Apply the Jobs-to-be-Done Stack method: enumerate all 30–50 tasks your target persona performs. Identify which ones your product can automate or improve. This list becomes your feature roadmap for the vertical, prioritized by pain intensity and frequency.
How Does the Action App Framework Apply to Product Feature Design?
If your product involves repetitive digital workflows, consider the Action App principle: redesign the UX so AI agents do things on the user's behalf rather than presenting more screens for humans to click through. The best new products won't add more dashboards — they'll show users what's already been done and surface only the decisions that require human judgment.
For a PM at a mid-stage startup, this means evaluating whether your proposed feature should be a traditional UI or an agent-first experience. The framework suggests that 'action' beats 'information' — users want outcomes, not more data to process.
How Do I Build an Internal Case Using This Framework?

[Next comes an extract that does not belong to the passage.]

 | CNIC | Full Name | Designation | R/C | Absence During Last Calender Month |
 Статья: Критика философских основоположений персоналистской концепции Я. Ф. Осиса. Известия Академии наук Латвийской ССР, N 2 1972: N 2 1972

Structure your product brief around the framework's outputs:
- Niche: Specific persona and vertical (not 'healthcare' but 'physical therapists at independent clinics')

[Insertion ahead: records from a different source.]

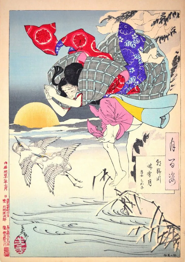 Техніка укійо-е була активно розповсюджена на території Японії у XVII столітті. Саме слово "укійо", дослівно перекладається як "пливе світ". Найвидатніші роботи відомого японського майстра Цукіока Йосітосі зібрало видання Сameralabs.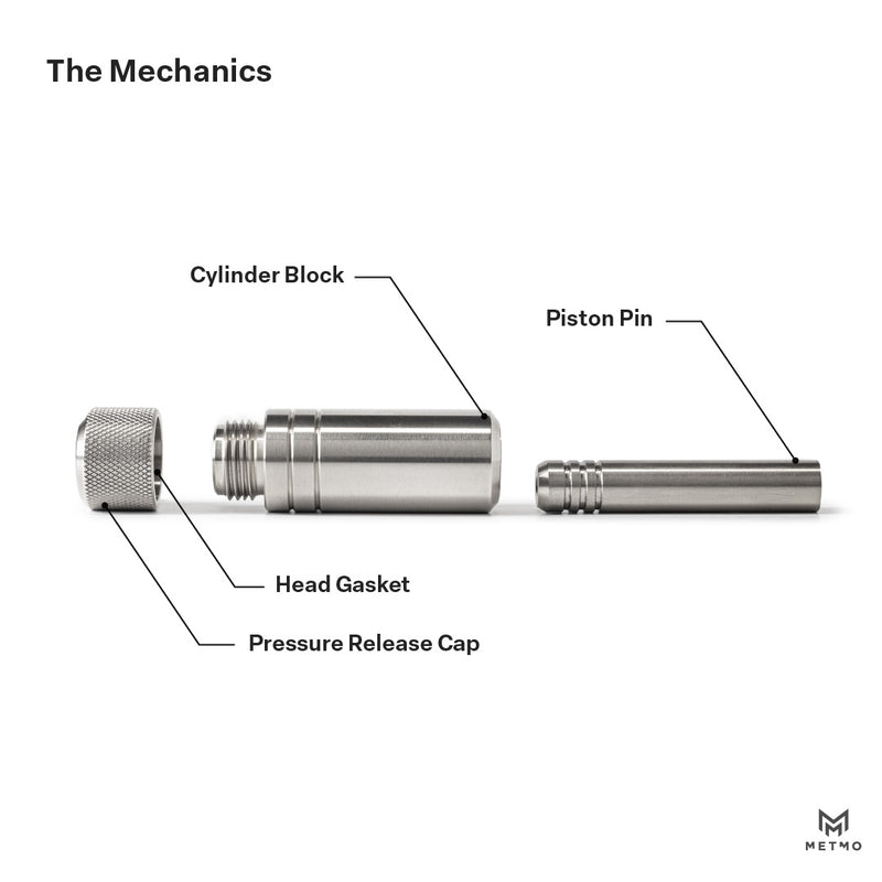 Piston can be fully disassembled. With simple mechanical parts, the Piston is designed to be fully stripped down for easy maintenance so it can be kept in top condition and last a lifetime. Like a well aged and cared for vintage car, minus the leaded fuel.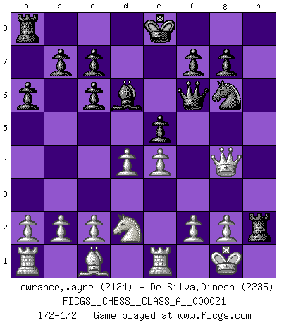 Last move : 1/2-1/2 2007 July 10 6:45:3 [Event "FICGS__CHESS__CLASS_A__000021"] [Site "FICGS"] [Date "2007.05.02"] [Round "1"] [White "Lowrance,Wayne"] [Black "De Silva,Dinesh"] [Result "1/2-1/2"] [WhiteElo "2124"] [BlackElo "2235"] 1.e4 e5 2.Nf3 Nc6 3.Bb5 a6 4.Bxc6 dxc6 5.O-O Bg4 6.h3 h5 7.d3 Qf6 8.Nbd2 Ne7 9.Re1 Ng6 10.d4 Bd6 11.hxg4 hxg4 12.Nh2 Rxh2 13.Qxg4 1/2-1/2 Ruy Lopez : Exchange variation, Alapin gambit Kingside Castling by player White (move 5) This chess game ended in a draw. Follow this game move after move (download)In Fischer's hands, a slight theoretical advantage is as good a being a Queen ahead. (Isaac Kashdan) Der Umstand, daß uns eine 7 Stunden Zeitkontrolle ermöglicht eine großartige, tiefe Partie zu spielen, ist für die Massenmedien nicht weiter von Bedeutung. (Alexej Shirov) El Ajedrez es el arte del análisis. (Mikhail Botvinnik) Le temps de noter son nom sur la feuille de partie, j'étais déjà en zeitnot ! D'un modeste amateur apparié lors de la première ronde d'un open contre le grand-maître Azmaïparashvili. I don't diet. I just don't eat as much as I'd like to. (Linda Evangelista, supermodel)

- Qualification: Evidence that the niche passes all three questions (market analysis, spending data, user interview clips)
- Jobs-to-be-Done Stack: The 30–50 tasks this persona performs, ranked by automation potential
- Product Category: Whether this is best served by an Action App, a vertical SaaS tool, a community feature, or a content play
- Monetization Stack: Free entry (trial, freemium tier) + premium conversion (subscription, enterprise tier)
- Acquisition Wedge: How you'll reach the first 1,000 users in this niche
This structure gives leadership a clear, evidence-based framework for evaluating the opportunity — far stronger than a traditional market sizing slide.
What's My Next Step?
Apply the full 9-step Startup Opportunity Scanner to your company's expansion candidates. Start with your broad category, enumerate sub-niches, run the qualification tests, and present the winning vertical with a complete Jobs-to-be-Done roadmap. The framework turns vague product intuition into a structured opportunity thesis.
// FREQUENTLY ASKED QUESTIONS
Can I use this framework for B2B product expansion, not just consumer startups?
Yes — adapt the terminology. 'Niche' becomes a specific industry vertical or job role. 'CVS Shelf Heuristic' becomes 'look at which business expenses are the biggest line items.' 'Fish Where the Fish Are' translates to targeting industries with legacy software and high switching costs. The core logic — underserved audience, proven spending, sharp pain — applies identically to B2B product expansion.
How do I convince stakeholders to go vertical instead of staying horizontal?
Present the framework's evidence: vertical products win because specificity is the moat. Show competitors in your space that succeeded by going vertical (Veeva in pharma CRM, Toast in restaurant POS). Run the Niche Qualification Test live in a stakeholder meeting — the three questions force a concrete conversation about whether the audience is truly underserved, has budget, and feels sharp pain.
How many niches should I evaluate before committing to one?
The framework suggests enumerating all obvious sub-niches in step one (typically 8–15), then filtering through the Fish Where the Fish Are test and the three-question Niche Qualification Test. Usually 2–4 survive the filters. From those, pick the one with the strongest builder-market fit — which for a PM means the closest alignment to your company's existing capabilities, data assets, and distribution channels.